= Dave Cavanaugh =

American composer (1919–1981)

David Cavanaugh, also known as Dave Cavanaugh or occasionally Big Dave Cavanaugh, (March 13, 1919 – December 31, 1981) was an American composer, arranger, musician and producer.

==Early career==
Born in Saint Paul, Minnesota, Cavanaugh became a session tenor saxophone player in California in his mid-twenties, working with numerous bands, including those of Eddie Miller, Bobby Sherwood, Benny Carter and Woody Herman.

Amongst the singers whose work he backed in the late 1940s were Sammy Davis Jr., Ella Mae Morse and, as part of a group called Ten Cats & A Mouse, Peggy Lee.

As "Big Dave" Cavanaugh, he also released singles such as "Big Dave's Special" / "One Stop" and "The Cat from Coos Bay" / "Loosely with Feeling".

==Capitol==
In the early 1950s, Cavanaugh became a Director of A & R (Artists and Repertoire) for Capitol Records, where, during a stint that would endure to the end of his career, he signed artists such as Dakota Staton, Donna Hightower, Nancy Wilson, Plas Johnson and Sandler & Young.
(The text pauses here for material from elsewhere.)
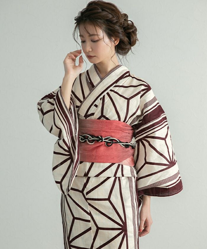 涼しさを保つため、生地は適度に薄く透け感があります。浴衣下にペチコート・キャミソール等のインナーの着用をおすすめします。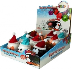 Le coffret contient 12 pièces : 3× pingouin avec bonnet rouge, 3× bonhomme de neige avec bonnet bleu, 3× Père Noël avec bonnet rouge et 3× renne. Les jouets ont une taille compacte d’environ 7 cm, sont légers, sûrs et adaptés aux enfants à partir de 3 ans (CE, EN 71).

He became one of the label's main producers, becoming responsible for the output of top artists such as Nat "King" Cole, Stan Kenton, Peggy Lee, Kay Starr, Billy May, Sandler and Young and Frank Sinatra and winning a Grammy in 1959 for producing Sinatra's album Come Dance with Me!. Other Capitol artists for whom he was arranger or producer included Helen Forrest and George Shearing.

===As arranger===
Cavanaugh worked as arranger on several sessions, most notably on Nat "King" Cole's 1958 album Welcome to the Club, on which Cole was backed by the Count Basie Orchestra, though not, for contractual reasons, by Basie himself.

In a less serious vein, Cavanaugh also arranged Sinatra's spoof doo-wop single, "Two Hearts, Two Kisses (Make One Love)", with a Capitol session group called the Nuggets.

==The Top of the Tower==
In the 1970s, Cavanaugh became President of Capitol Records, with whom he remained associated until his death on New Year's Eve 1981 at Tarzana Hospital of heart complications following surgery in Tarzana, Los Angeles, California.

==Other work==
Cavanaugh also worked with Warner Brothers Animation on the cartoons Happy Hippety Hopper and Snowbound Tweety as both producer and composer. Wild West Henry Haw, Bugs Bunny & The Pirate and Tweety's Good Deed also used Cavanaugh's music.